Datum uitspraak: 7 december 2011
AFDELING
BESTUURSRECHTSPRAAK
Uitspraak op het hoger beroep van:
[appellant] en anderen, allen wonend te Boelenslaan, en [appellanten], beiden wonend te Houtigehage, (hierna tezamen: [appellant] en anderen),
tegen de uitspraak van de rechtbank Leeuwarden van 14 april 2011 in zaak nr. 11/30 in het geding tussen:
[appellant] en anderen
en
1. de raad van de gemeente Achtkarspelen,
2. het college van burgemeester en wethouders van Achtkarspelen.
1. Procesverloop
Bij besluit van 7 oktober 2010 heeft de raad een projectbesluit genomen ten behoeve van het realiseren van een paardenfokkerij met bedrijfswoning aan de [locatie] te Boelenslaan (hierna: het perceel).
Bij besluit van 28 oktober 2010 heeft het college aan [vergunninghouder] bouwvergunning verleend voor het bouwplan.

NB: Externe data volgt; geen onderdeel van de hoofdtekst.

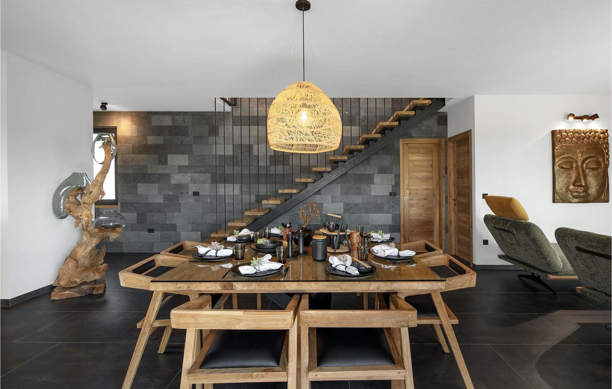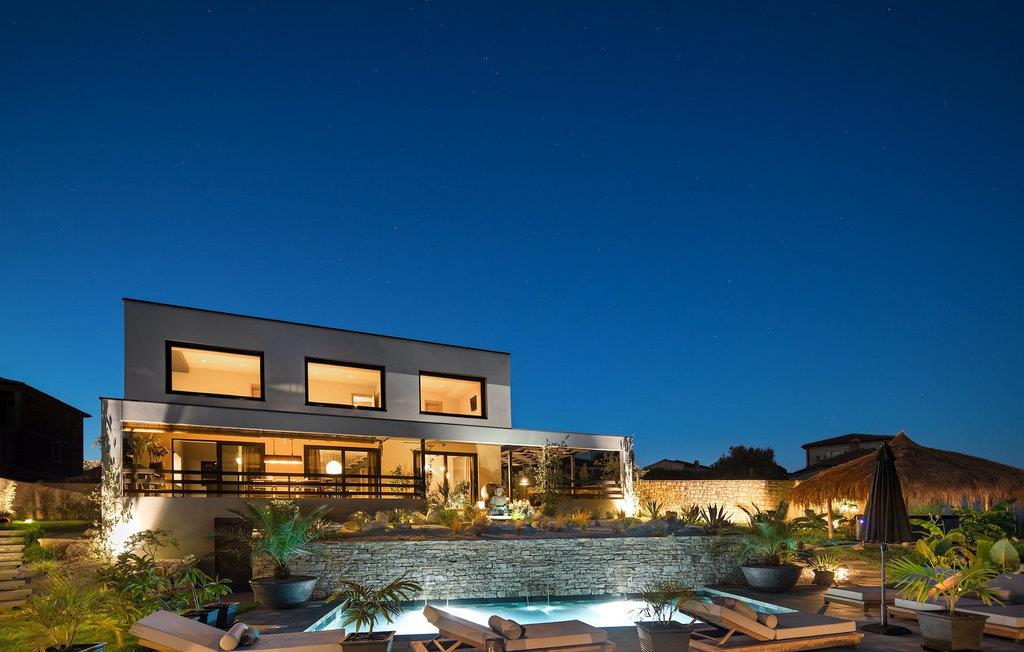 Villa Merapi er en blanding af moderne design, natur og spiritualitet. Den sorte vulkanske sten kendt for sine helbredende og afslappende egenskaber er blevet brugt i det moderne design af denne villa såvel som i pooldesignet. Håndlavede træmøbler pryder denne villa med naturlige elementer. Forskellige plantearter omgiver villaen og skaber en smuk oase til en afslappende ferie. Villaen er opdelt i stueetagen og første sal. I stueetagen er der et åbent rum med stue, køkken og spisestue, og på første sal er der tre soveværelser og to badeværelser, hvoraf det ene er eget badeværelse. Interiøret i denne smukke villa er dekoreret med en masse naturlige detaljer. Kombinationen af træ og sten giver denne villa et naturligt, men også moderne udtryk, der vil give dig en følelse af fred. Hvis du er en af dem, der ønsker at vågne op hver morgen med en smuk udsigt over naturen fra sengen, så er Villa Merapi det ideelle sted for dig. De store glasflader i soveværelserne giver et sted at sidde og ligge med en bog og nyde den smukke udsigt. Villaens smukt indrettede gårdhave med forskellige planter pryder villaen og skaber en lille oase. Forfrisk dig selv i den private pool med massagevandfald, og hvis du er en jacuzzi elsker, tilbyder villaen en udendørs jacuzzi under et bambuspavillon. For ekstra stemning er der en stor gynge til to personer, hvor man kan nyde en forfriskende drink og se stjernerne på himlen. Dyk ned i et eksotisk sted midt i Istrien med idylliske omgivelser, slap af og slap af fra hverdagens stress i Villa Merapi. Udover en smuk stemning med et moderne interiør ligger Villa Merapi i idylliske omgivelser med en smuk landskabshave. Beliggende i landsbyen Sv. Lovrec, villa Merapi ligger 15 km fra havet, hvor der er fine stenstrande nær byen Porec. Besøg den berømte Limfjord kun 30 minutters kørsel væk og udforsk dette vidunderlige naturområde. Restauranter og caféer ligger i Sveti Lovrec, 200 m fra villaen. Skal du købe dagligvarer, ligger lokale butikker kun 500 m fra villaen, så de er let tilgængelige til fods. Den idylliske beliggenhed af Villa Merapi vil glæde enhver besøgende. Book denne fantastiske villa og nyd de betagende omgivelser i Istrien.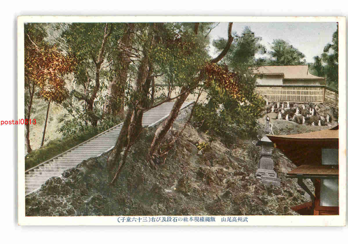 東京 武州高尾山 飯縄権現本社の石段及び右 36童子 *傷み有り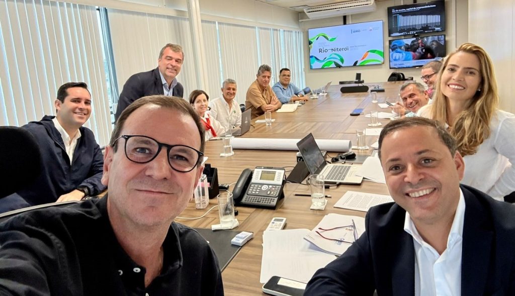 Junto de Rodrigo e Isabel, participaram da reunião com Paes na sede da Prefeitura do Rio o secretário-Executivo de Niterói, Felipe Peixoto, e a secretária do Escritório de Gestão de Projetos (EGP), Katherine Azevedo.

Bij uitspraak van 14 april 2011, verzonden op 18 april 2011, heeft de rechtbank het door [appellant] en anderen daartegen ingestelde beroep ongegrond verklaard. Deze uitspraak is aangehecht.

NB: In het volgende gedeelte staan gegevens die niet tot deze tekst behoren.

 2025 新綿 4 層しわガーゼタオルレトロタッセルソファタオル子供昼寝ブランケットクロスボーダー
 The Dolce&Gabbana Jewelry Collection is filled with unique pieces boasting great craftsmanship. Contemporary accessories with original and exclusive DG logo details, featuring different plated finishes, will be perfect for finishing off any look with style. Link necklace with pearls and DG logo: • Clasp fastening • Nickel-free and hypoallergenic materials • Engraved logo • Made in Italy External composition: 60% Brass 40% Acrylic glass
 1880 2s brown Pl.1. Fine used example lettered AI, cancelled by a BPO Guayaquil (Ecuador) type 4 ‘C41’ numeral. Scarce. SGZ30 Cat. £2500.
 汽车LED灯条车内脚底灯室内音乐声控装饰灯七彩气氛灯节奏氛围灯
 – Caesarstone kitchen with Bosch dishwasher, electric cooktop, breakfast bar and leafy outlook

Tegen deze uitspraak hebben [appellant] en anderen bij brief, bij de Raad van State ingekomen op 3 mei 2011, hoger beroep ingesteld. De gronden van het hoger beroep zijn aangevuld bij brief van 16 juni 2011.

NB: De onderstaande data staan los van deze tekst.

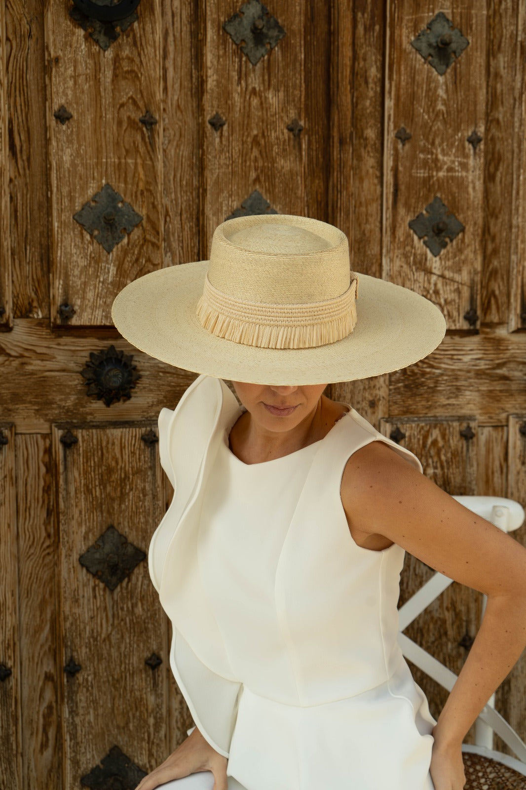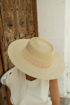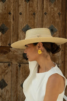 Sombrero canotier de paja trenzada confeccionado en España. Ala entre 10,5- 13 cm. aprox, altura de copa 5 cm. aprox. Diámetro total 44x42 cm aprox. En color natural.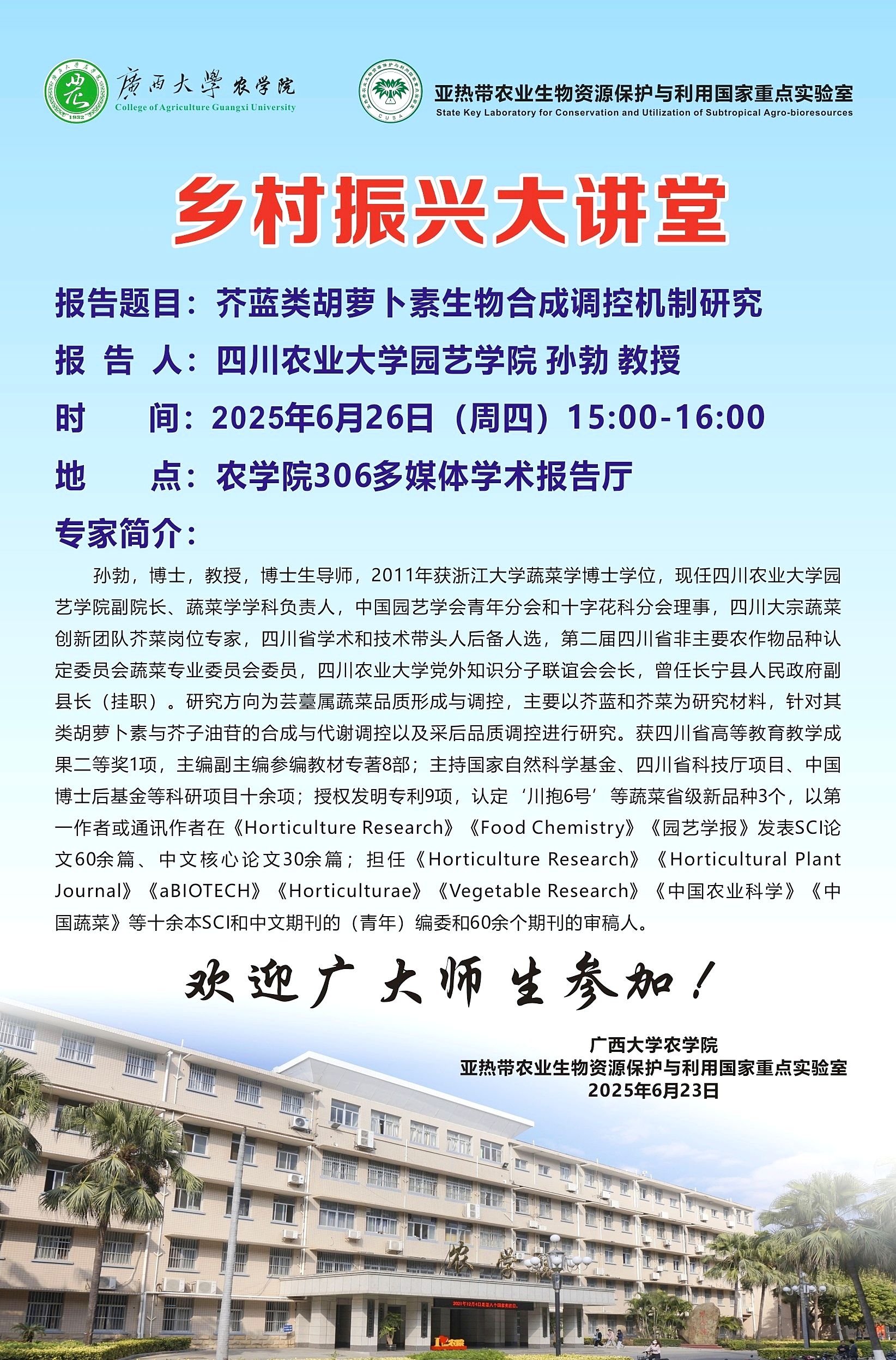 乡村振兴大讲堂:芥蓝类胡萝卜素生物合成调控机制研究

De raad en het college hebben een verweerschrift ingediend.
Daartoe in de gelegenheid gesteld heeft [vergunninghouder] een schriftelijke uiteenzetting gegeven.
[vergunninghouder] heeft nadere stukken ingediend.
De Afdeling heeft de zaak ter zitting behandeld op 20 oktober 2011, waar [een van de appellanten], bijgestaan door mr. G.B. de Jong, de raad en het college, beide vertegenwoordigd door mr. B.J.H. Zuur, werkzaam bij de gemeente, zijn verschenen. Voorts is daar gehoord [vergunninghouder].
2. Overwegingen
2.1. Op het perceel rust ingevolge het bestemmingsplan "Buitengebied" de bestemming "Agrarische doeleinden, categorie AG-E (agrarisch gebied met elzensingels)". Het bouwplan is in strijd met het bestemmingsplan, nu niet is voorzien in een bouwvlak op het perceel. Om die reden heeft de raad een projectbesluit krachtens artikel 3.10, eerste lid, van de Wet ruimtelijke ordening (hierna: de Wro) genomen.
2.2. Ingevolge artikel 3.10, eerste lid, van de Wro kan de gemeenteraad ten behoeve van de verwezenlijking van een project van gemeentelijk belang een projectbesluit nemen.
Ingevolge het tweede lid bevat het besluit een goede ruimtelijke onderbouwing van het project.
2.3. [appellant] en anderen betogen dat de rechtbank heeft miskend dat het projectbesluit niet van een goede ruimtelijke onderbouwing is voorzien. Daartoe voeren zij aan dat niet aannemelijk is dat op het perceel een volwaardig en duurzaam agrarisch bedrijf gevestigd zal zijn omdat slechts hobbymatige activiteiten zullen worden uitgeoefend. [appellant] en anderen wijzen in dit kader op het rapport van 16 april 2010 van adviesbureau GIBO Accountants en adviseurs B.V. (hierna: GIBO) waaruit blijkt dat [vergunninghouder] uit het bedrijf geen eigen inkomen kan genereren, maar verlies zal leiden.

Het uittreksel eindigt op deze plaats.